● **Task brief**: Give again, exactly as written, the lines of the records below from the line with "Dokotoo | Women's" to the line with "Гідроізоляційна суміш Поліпласт". Both end lines count; pictures do not.

● **Material shown**:
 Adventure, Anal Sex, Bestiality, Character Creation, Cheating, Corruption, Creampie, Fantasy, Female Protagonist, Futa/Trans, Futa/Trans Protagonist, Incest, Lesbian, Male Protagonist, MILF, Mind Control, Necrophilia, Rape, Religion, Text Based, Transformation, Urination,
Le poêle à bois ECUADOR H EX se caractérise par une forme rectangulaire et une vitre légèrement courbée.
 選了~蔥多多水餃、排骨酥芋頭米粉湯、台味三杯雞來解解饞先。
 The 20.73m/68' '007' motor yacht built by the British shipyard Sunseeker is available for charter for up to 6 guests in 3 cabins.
* * *
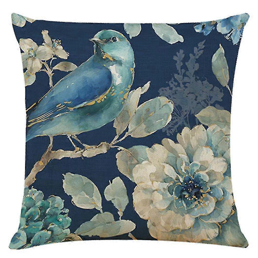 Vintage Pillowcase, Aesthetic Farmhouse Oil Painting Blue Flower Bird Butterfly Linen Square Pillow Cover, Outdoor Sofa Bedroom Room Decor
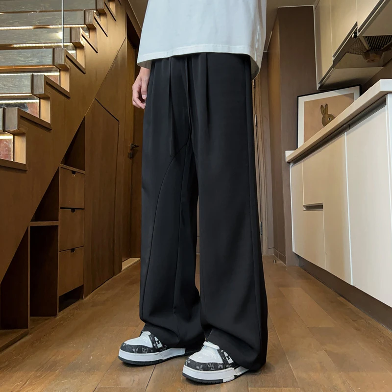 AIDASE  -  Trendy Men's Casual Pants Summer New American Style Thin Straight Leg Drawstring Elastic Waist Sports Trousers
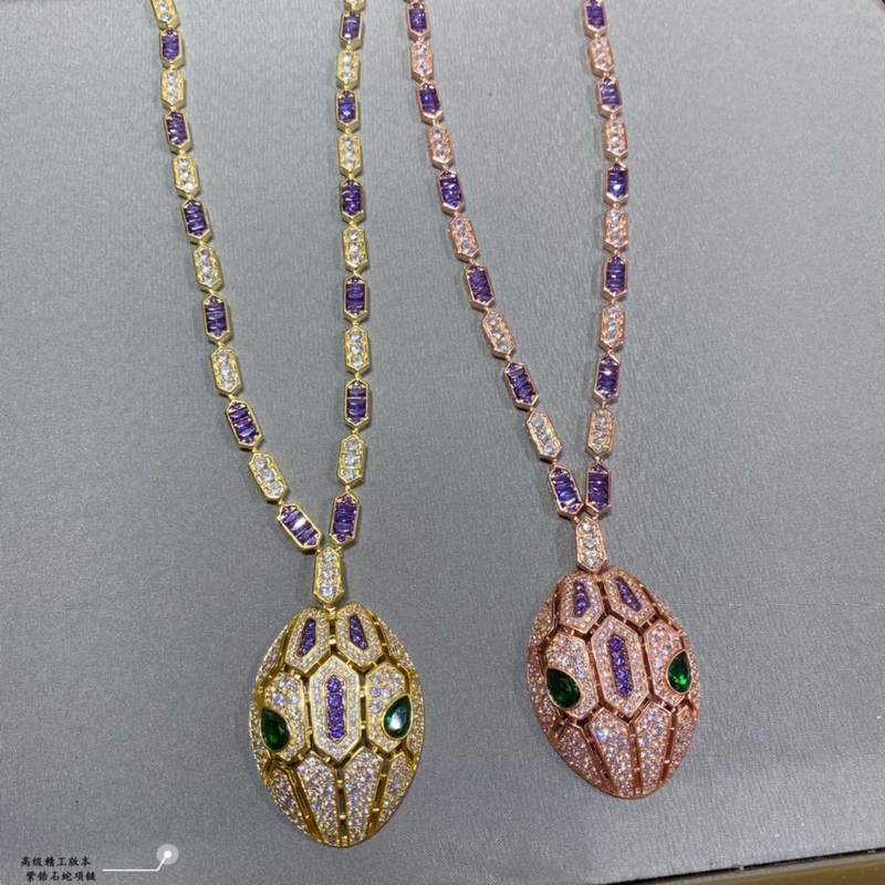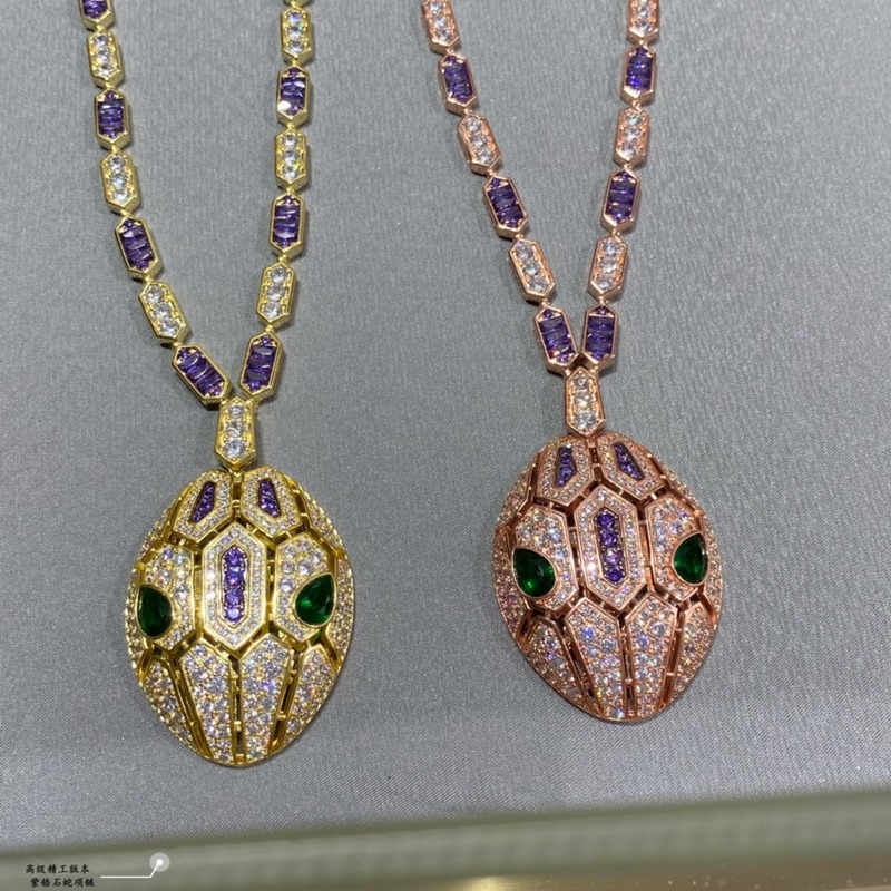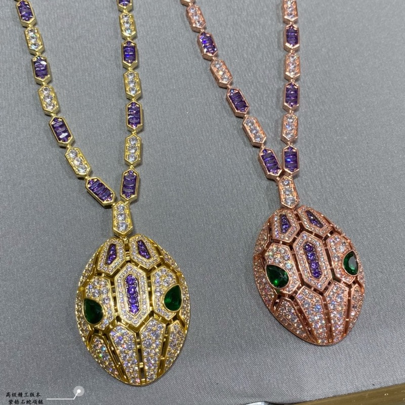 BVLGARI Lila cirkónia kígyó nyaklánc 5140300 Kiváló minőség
---
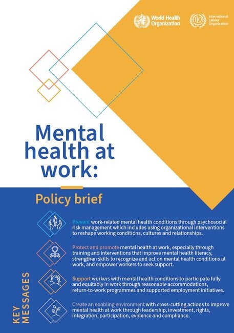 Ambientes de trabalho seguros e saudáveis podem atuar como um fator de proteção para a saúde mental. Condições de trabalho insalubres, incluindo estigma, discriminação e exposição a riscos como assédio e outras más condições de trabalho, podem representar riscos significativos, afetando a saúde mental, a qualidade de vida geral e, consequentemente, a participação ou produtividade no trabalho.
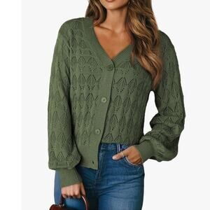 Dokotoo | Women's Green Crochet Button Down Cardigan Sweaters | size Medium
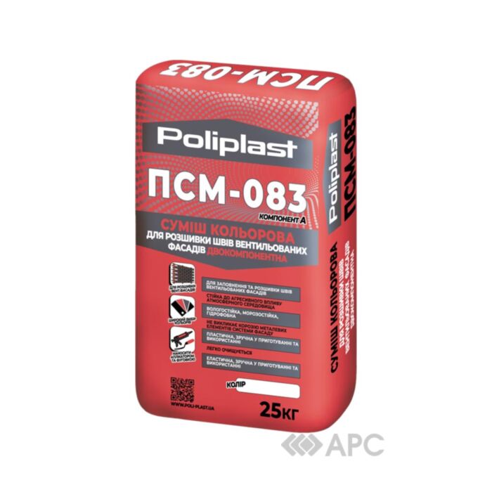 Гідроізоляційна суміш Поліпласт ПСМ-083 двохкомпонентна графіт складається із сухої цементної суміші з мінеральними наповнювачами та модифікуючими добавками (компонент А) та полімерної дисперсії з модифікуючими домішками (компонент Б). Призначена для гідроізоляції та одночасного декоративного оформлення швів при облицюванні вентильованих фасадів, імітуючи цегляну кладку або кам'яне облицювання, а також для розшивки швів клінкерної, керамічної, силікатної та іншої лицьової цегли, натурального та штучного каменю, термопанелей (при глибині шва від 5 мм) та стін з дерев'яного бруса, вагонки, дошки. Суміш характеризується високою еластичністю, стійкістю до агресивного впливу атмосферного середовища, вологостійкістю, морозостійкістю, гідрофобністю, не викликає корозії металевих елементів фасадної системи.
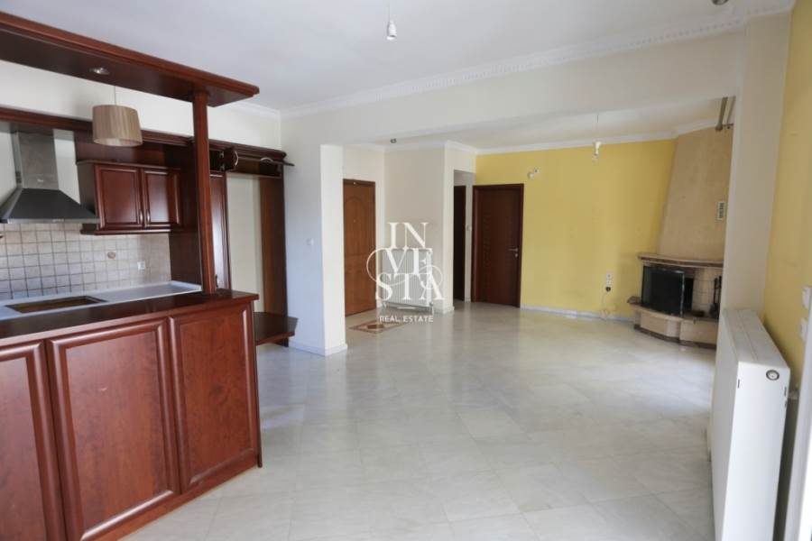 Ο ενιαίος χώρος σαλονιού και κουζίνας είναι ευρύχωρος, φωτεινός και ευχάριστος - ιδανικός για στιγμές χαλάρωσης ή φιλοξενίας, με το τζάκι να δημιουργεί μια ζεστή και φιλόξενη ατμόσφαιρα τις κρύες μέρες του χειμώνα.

● **Answer box**:
 Dokotoo | Women's Green Crochet Button Down Cardigan Sweaters | size Medium
 Гідроізоляційна суміш Поліпласт ПСМ-083 двохкомпонентна графіт складається із сухої цементної суміші з мінеральними наповнювачами та модифікуючими добавками (компонент А) та полімерної дисперсії з модифікуючими домішками (компонент Б). Призначена для гідроізоляції та одночасного декоративного оформлення швів при облицюванні вентильованих фасадів, імітуючи цегляну кладку або кам'яне облицювання, а також для розшивки швів клінкерної, керамічної, силікатної та іншої лицьової цегли, натурального та штучного каменю, термопанелей (при глибині шва від 5 мм) та стін з дерев'яного бруса, вагонки, дошки. Суміш характеризується високою еластичністю, стійкістю до агресивного впливу атмосферного середовища, вологостійкістю, морозостійкістю, гідрофобністю, не викликає корозії металевих елементів фасадної системи.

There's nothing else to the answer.